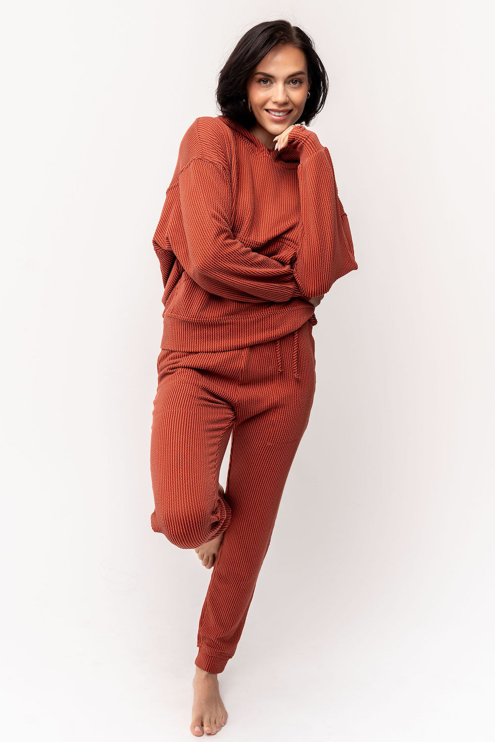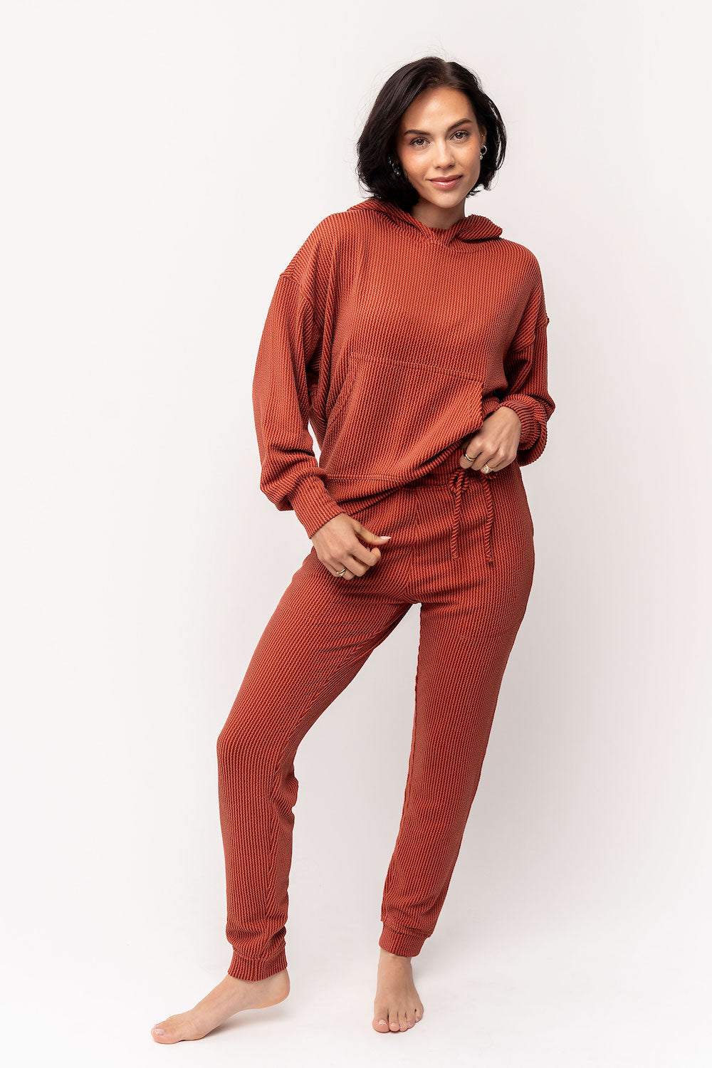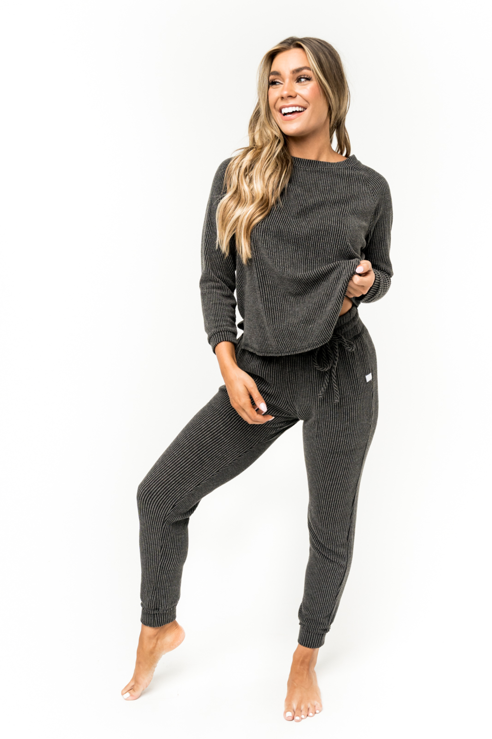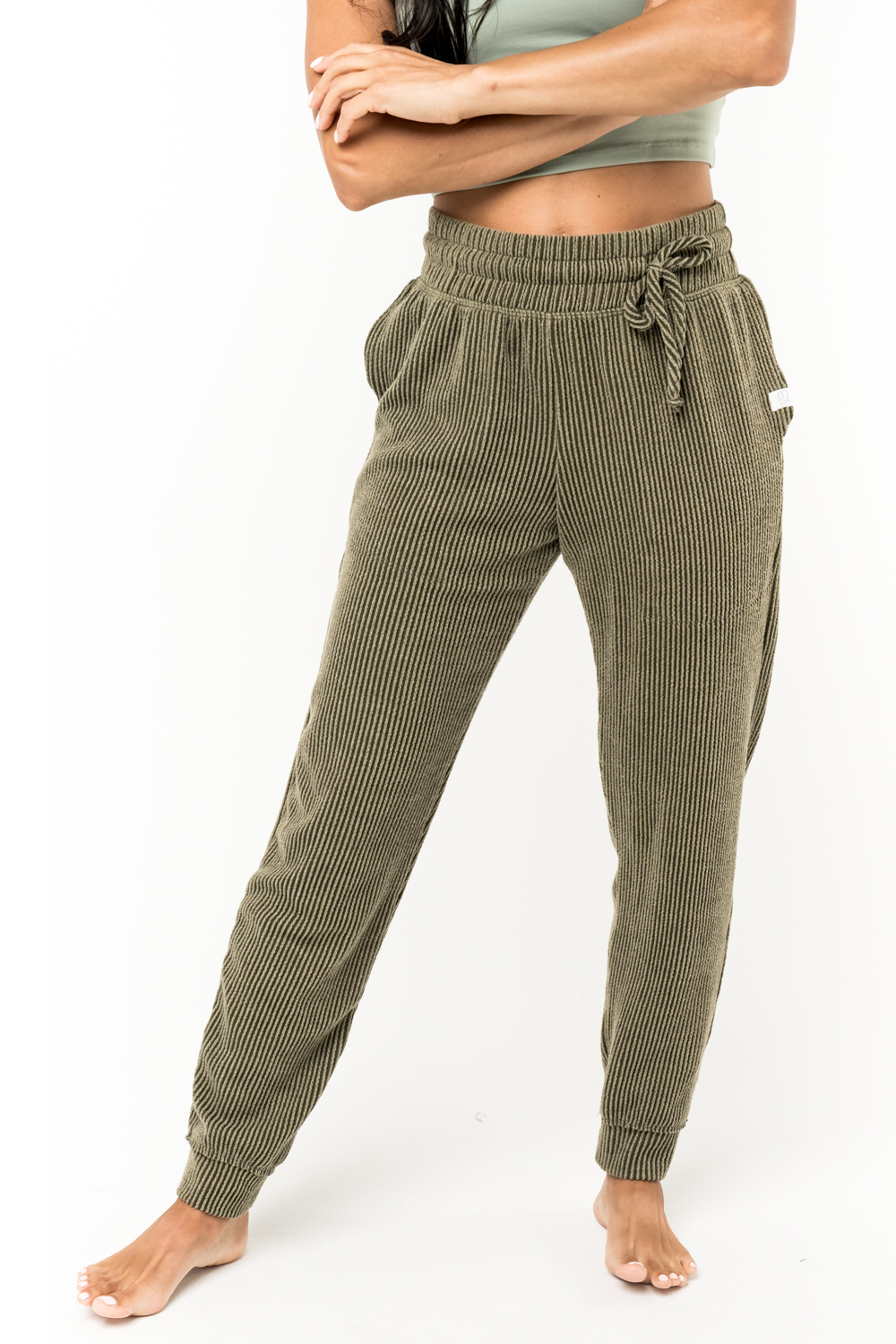 The "Boardwalk" jogger is so cute, and so-comfy. It goes perfectly with our "Cape Cod" crew neck in our ever-so-popular 'Urban Love' fabric. This jogger has two-pockets and a functional tie at the waist. This is a perfect piece for a stroll down the "Boardwalk," or simply chilling at home, with family and friends. Polyester/Rayon/Spandex blend. 26 in. inseam above ankle. SKU# 22P554.
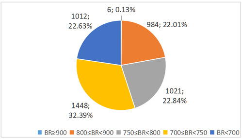 因本次获评地标品牌数量众多,课题组将指标分值从原有的百分制调整为千分制。获评的4471个中国地标品牌,平均品牌声誉为749.98,其中品牌声誉最高值达到了922.07。如图2所示,品牌声誉高于900的品牌数量仅6个;品牌声誉介于800至900之间的品牌共计984个,占本次获评地标品牌总量的22.01%;品牌声誉介于750至800的品牌共计1021个,占本次获评地标品牌总量的22.84%;2460个品牌的品牌声誉低于750,共计本次获评地标品牌总量的65.02%,其中品牌声誉不足700的品牌有1012个。可见,高品牌声誉的品牌极为稀少。
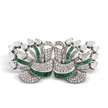 Diamanti e smeraldi, in questo caso colombiani, anche nella coppia ci clips in platino (35.000 euro).
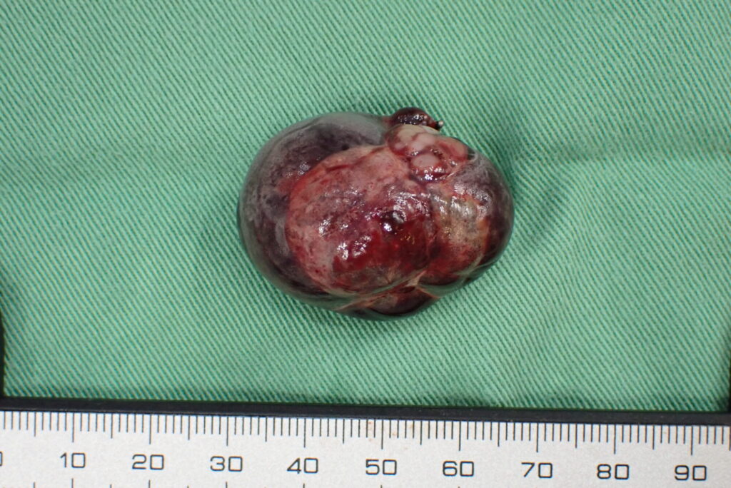 摘出された卵巣です。幸い、術後の経過は大変良好で、速やかに回復が見られました。
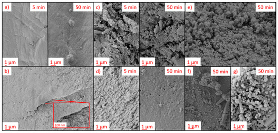 SEM pictures of external coating on different aerogels: (a) alginate, C4F8, CW, pinput = 90 W, (b) WPI, C4F8, CW, pinput = 90 W, (c) cellulose, C4F8, CW, pinput = 90 W, (d) PPI, C4F8, CW, pinput = 90 W, (e) alginate PFAC8, CW, pinput = 30 W, (f) PPI, PFAC-6, CW, pinput = 90 W, (g) PPI, PFAC-8, CW, pinput = 30 W.
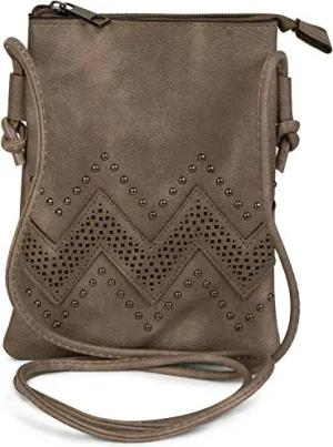 Damen Mini Bag Umhängetasche mit Zick-Zack Cutout und Nieten, Schultertasche, Handtasche, Tasche 02012211, Farbe:Taupe
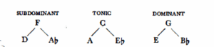 Every tonal system presupposes a centre as well as subordinate relations dependent on the centre. Taking again C as the tonic centre, the three functions are represented most potently by those degrees dividing the circle of fifths into three equal parts, i.e. in the augmented triad C-E-Ab. Properties inherent in classical harmony are responsible for the E assuming a dominant function and Ab, a subdominant function in relation to the tonic C.

• • • • •

Task details:
Take the line that contains "摘出された卵巣です。幸い、術後の経過は大変良好で、速やかに回復が見られました。" and every line after it to the end of the records above; quote them exactly, leaving out the pictures.

Exercise result:
 摘出された卵巣です。幸い、術後の経過は大変良好で、速やかに回復が見られました。
 SEM pictures of external coating on different aerogels: (a) alginate, C4F8, CW, pinput = 90 W, (b) WPI, C4F8, CW, pinput = 90 W, (c) cellulose, C4F8, CW, pinput = 90 W, (d) PPI, C4F8, CW, pinput = 90 W, (e) alginate PFAC8, CW, pinput = 30 W, (f) PPI, PFAC-6, CW, pinput = 90 W, (g) PPI, PFAC-8, CW, pinput = 30 W.
 Damen Mini Bag Umhängetasche mit Zick-Zack Cutout und Nieten, Schultertasche, Handtasche, Tasche 02012211, Farbe:Taupe
 Every tonal system presupposes a centre as well as subordinate relations dependent on the centre. Taking again C as the tonic centre, the three functions are represented most potently by those degrees dividing the circle of fifths into three equal parts, i.e. in the augmented triad C-E-Ab. Properties inherent in classical harmony are responsible for the E assuming a dominant function and Ab, a subdominant function in relation to the tonic C.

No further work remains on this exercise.